Your goal:
Using the entries that follow, write out the line containing "Bon Voyage - World", the line containing "Bitcoin ha rifiutato", and every line between them, exactly and nothing else.
--- Exercise material Enclosed Below ---
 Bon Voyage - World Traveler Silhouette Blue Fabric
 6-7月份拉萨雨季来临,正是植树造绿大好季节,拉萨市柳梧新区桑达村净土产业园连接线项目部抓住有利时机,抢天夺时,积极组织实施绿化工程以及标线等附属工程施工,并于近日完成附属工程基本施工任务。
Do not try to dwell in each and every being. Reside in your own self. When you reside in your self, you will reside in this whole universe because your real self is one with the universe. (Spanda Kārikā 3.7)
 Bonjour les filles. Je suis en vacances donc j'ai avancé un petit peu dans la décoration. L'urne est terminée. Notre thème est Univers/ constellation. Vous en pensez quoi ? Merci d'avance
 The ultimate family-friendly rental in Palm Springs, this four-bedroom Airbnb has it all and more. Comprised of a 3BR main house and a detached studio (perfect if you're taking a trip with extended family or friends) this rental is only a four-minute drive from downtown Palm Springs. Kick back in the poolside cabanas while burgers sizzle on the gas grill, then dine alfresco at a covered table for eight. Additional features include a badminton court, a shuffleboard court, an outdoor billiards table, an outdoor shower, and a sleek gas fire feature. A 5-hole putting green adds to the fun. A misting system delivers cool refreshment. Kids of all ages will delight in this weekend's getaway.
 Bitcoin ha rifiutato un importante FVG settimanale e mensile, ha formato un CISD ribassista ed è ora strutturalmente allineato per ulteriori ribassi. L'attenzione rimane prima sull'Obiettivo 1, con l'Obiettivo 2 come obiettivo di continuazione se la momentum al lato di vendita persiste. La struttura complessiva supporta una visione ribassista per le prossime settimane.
--- End of Enclosed Exercise material ---
--- Exercise material Enclosed Below ---
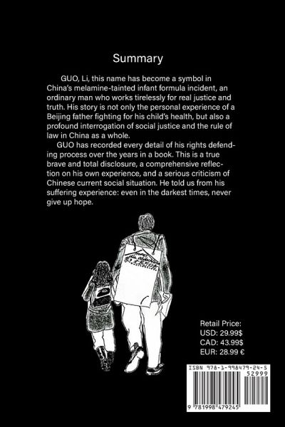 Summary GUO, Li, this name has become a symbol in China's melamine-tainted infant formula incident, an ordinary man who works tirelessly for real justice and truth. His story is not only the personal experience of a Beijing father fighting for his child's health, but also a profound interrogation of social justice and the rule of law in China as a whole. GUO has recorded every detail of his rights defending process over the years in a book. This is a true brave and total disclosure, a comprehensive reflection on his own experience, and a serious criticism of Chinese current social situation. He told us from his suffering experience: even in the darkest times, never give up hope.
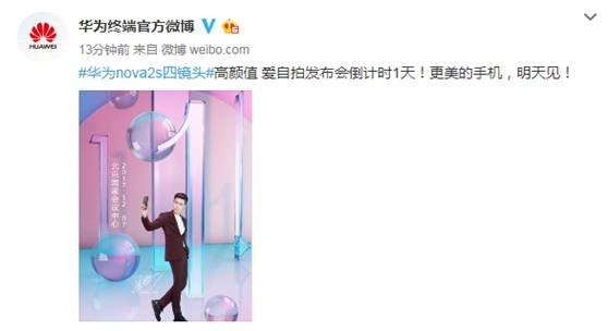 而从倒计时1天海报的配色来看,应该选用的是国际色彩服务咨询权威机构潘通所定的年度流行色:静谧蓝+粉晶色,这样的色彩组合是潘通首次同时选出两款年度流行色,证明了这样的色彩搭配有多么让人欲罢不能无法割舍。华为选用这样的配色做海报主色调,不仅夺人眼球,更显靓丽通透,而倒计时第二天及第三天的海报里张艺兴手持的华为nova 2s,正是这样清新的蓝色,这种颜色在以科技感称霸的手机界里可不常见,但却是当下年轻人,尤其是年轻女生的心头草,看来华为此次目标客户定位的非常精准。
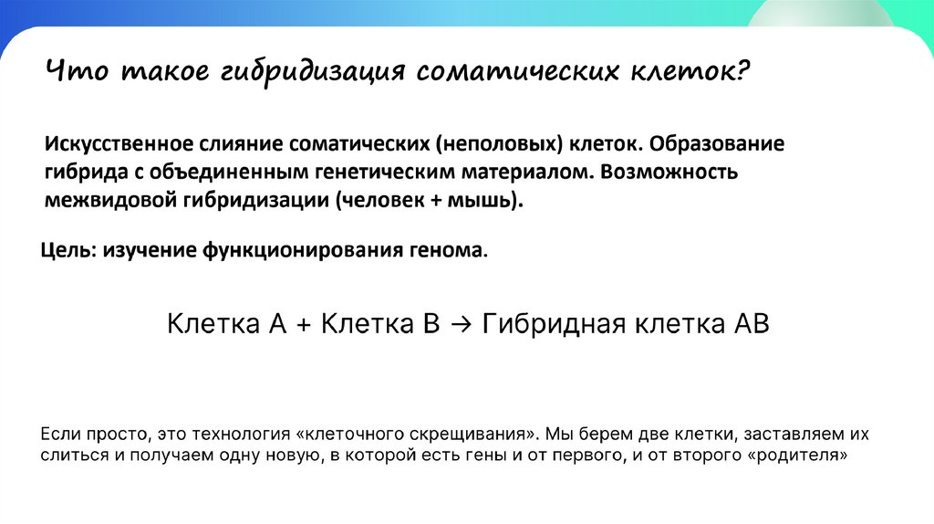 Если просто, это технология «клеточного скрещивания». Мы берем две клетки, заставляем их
--- End of Enclosed Exercise material ---
Finished task:
 Bon Voyage - World Traveler Silhouette Blue Fabric
 6-7月份拉萨雨季来临,正是植树造绿大好季节,拉萨市柳梧新区桑达村净土产业园连接线项目部抓住有利时机,抢天夺时,积极组织实施绿化工程以及标线等附属工程施工,并于近日完成附属工程基本施工任务。
Do not try to dwell in each and every being. Reside in your own self. When you reside in your self, you will reside in this whole universe because your real self is one with the universe. (Spanda Kārikā 3.7)
 Bonjour les filles. Je suis en vacances donc j'ai avancé un petit peu dans la décoration. L'urne est terminée. Notre thème est Univers/ constellation. Vous en pensez quoi ? Merci d'avance
 The ultimate family-friendly rental in Palm Springs, this four-bedroom Airbnb has it all and more. Comprised of a 3BR main house and a detached studio (perfect if you're taking a trip with extended family or friends) this rental is only a four-minute drive from downtown Palm Springs. Kick back in the poolside cabanas while burgers sizzle on the gas grill, then dine alfresco at a covered table for eight. Additional features include a badminton court, a shuffleboard court, an outdoor billiards table, an outdoor shower, and a sleek gas fire feature. A 5-hole putting green adds to the fun. A misting system delivers cool refreshment. Kids of all ages will delight in this weekend's getaway.
 Bitcoin ha rifiutato un importante FVG settimanale e mensile, ha formato un CISD ribassista ed è ora strutturalmente allineato per ulteriori ribassi. L'attenzione rimane prima sull'Obiettivo 1, con l'Obiettivo 2 come obiettivo di continuazione se la momentum al lato di vendita persiste. La struttura complessiva supporta una visione ribassista per le prossime settimane.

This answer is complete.